Hunger.

In dating and in dieting, I’ve always starved or binged.
I’ve always gone all in or been paralysed by indecision.
And I’ve always cared so much about others, that I forget to love myself.
After this most recent fast, I don’t want to calorie count my feelings anymore.

I have never felt more pressure to take the all-or-nothing binge-purge route than right now.
I was just dumped for struggling with mental illness.
And I get it. I’m struggling. Massively.
But now, the expectations I have for myself to ‘get over it’ quickly are extreme, unrealistic and unattainable.

Ever the perfectionist, I’ve still set them.
I aim to be a size zero in caring about exes.
Yeah, right.

At the moment, nights alone are toxic.
Thoughts circulate, then deeply embed. The rumination is exhausting.

How can I be vulnerable again? How can I allow myself to start again when I am so fundamentally flawed? Especially when these flaws were oh so recently held against me?

Madness is a hungry heart with no hope of satiety.

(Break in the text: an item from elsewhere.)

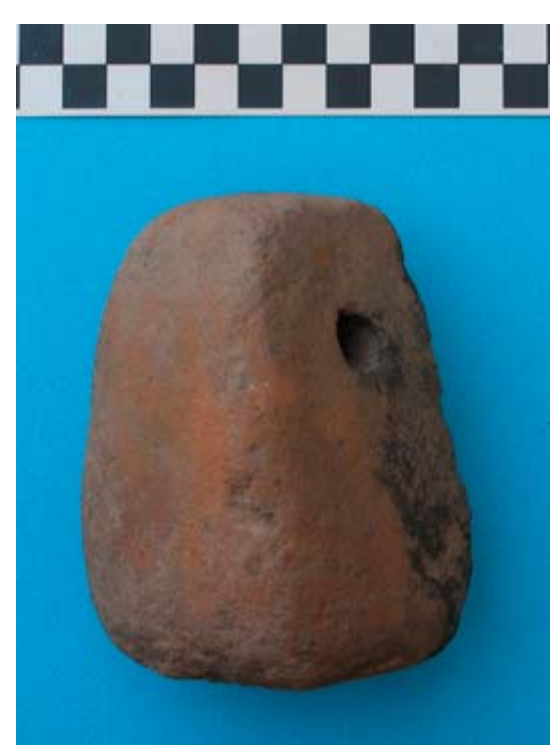
Fig. 6. Pit 2: Loomweight

In my rational mind, I know that crash-dieting doesn’t work in any form.
You can’t take a ketogenic road to good mood and mental wellness.
You can’t weigh yourself each morning and see progress as to how ‘over’ someone you are.
But I am frustrated. I am impatient. I am so sick of feeling so fucking sad.
If I could lipo the love out of my heart, I’d be straight to the back-alley butcher.
I want to see results. Now.

When I’m heartbroken, I lose all appetite.
When I’m in a relationship, I get fat and happy.
Safe to say, I’m back to my skinny, skittish self.

I really do wish I wasn’t so black and white.
I’m too much for a lot of people.
I often feel like I need to water myself down, rinse out my loaded paintbrush heart.
Cutting myself slack is just not something I am good at.

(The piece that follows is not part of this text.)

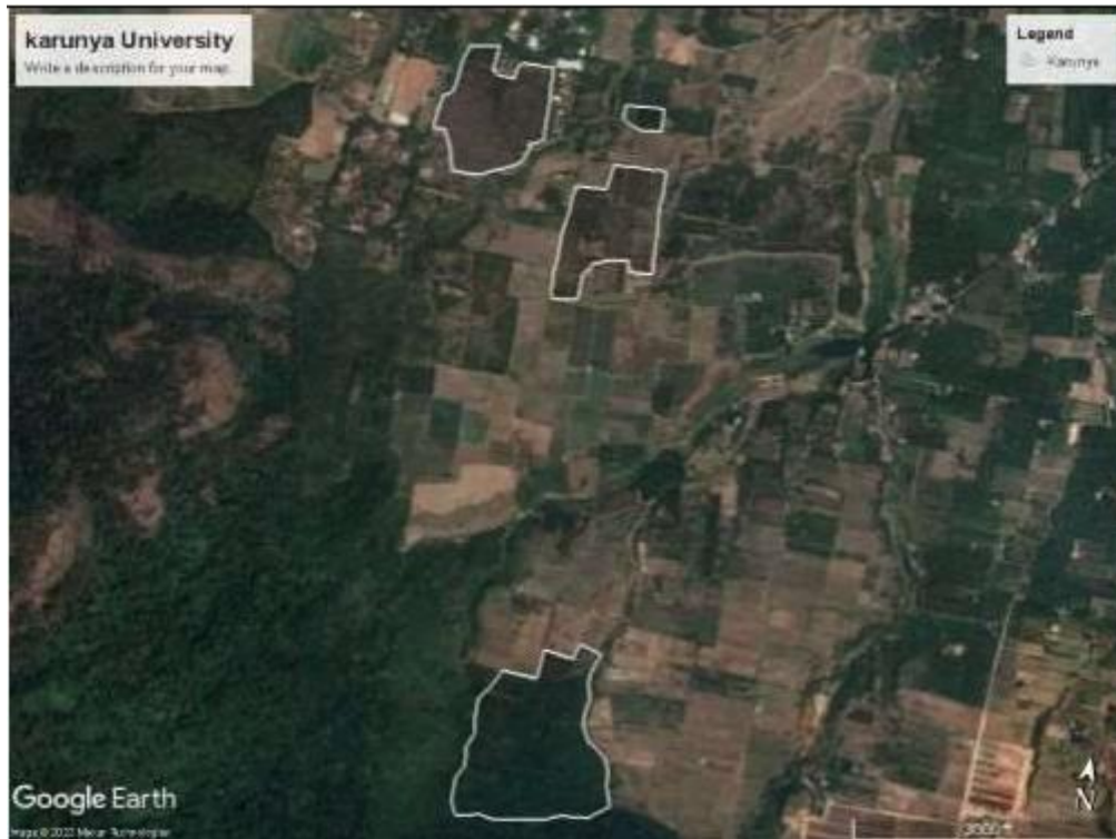
Total Forest Vegetation Area (Karunya Institute of Technology and Sciences)

Frankly, black and white is comforting.
I’m scared I’ll lose my sharp, defined self if let the grey in.
I have joked so many times that I’ll be less funny or witty, if I start to develop any sense of worth.
But after years of self-deprecation, maybe it’s time to allow it.
Time to let a slight watercolour of vulnerability bleed into my paper-doll self.
Try to consider that it won’t ruin the portrait of perfect I’m painting.

These are nutrients I need to absorb:
I need to learn that I don’t have to haemorrhage to feel.
I need to actually believe that I have more self-care options, not just hurting and hating myself.
I need to acknowledge that if I don’t do this soon, it’s my own fault.

Fuck, I’m so hungry for happiness.
I just hope it’s worth the calories.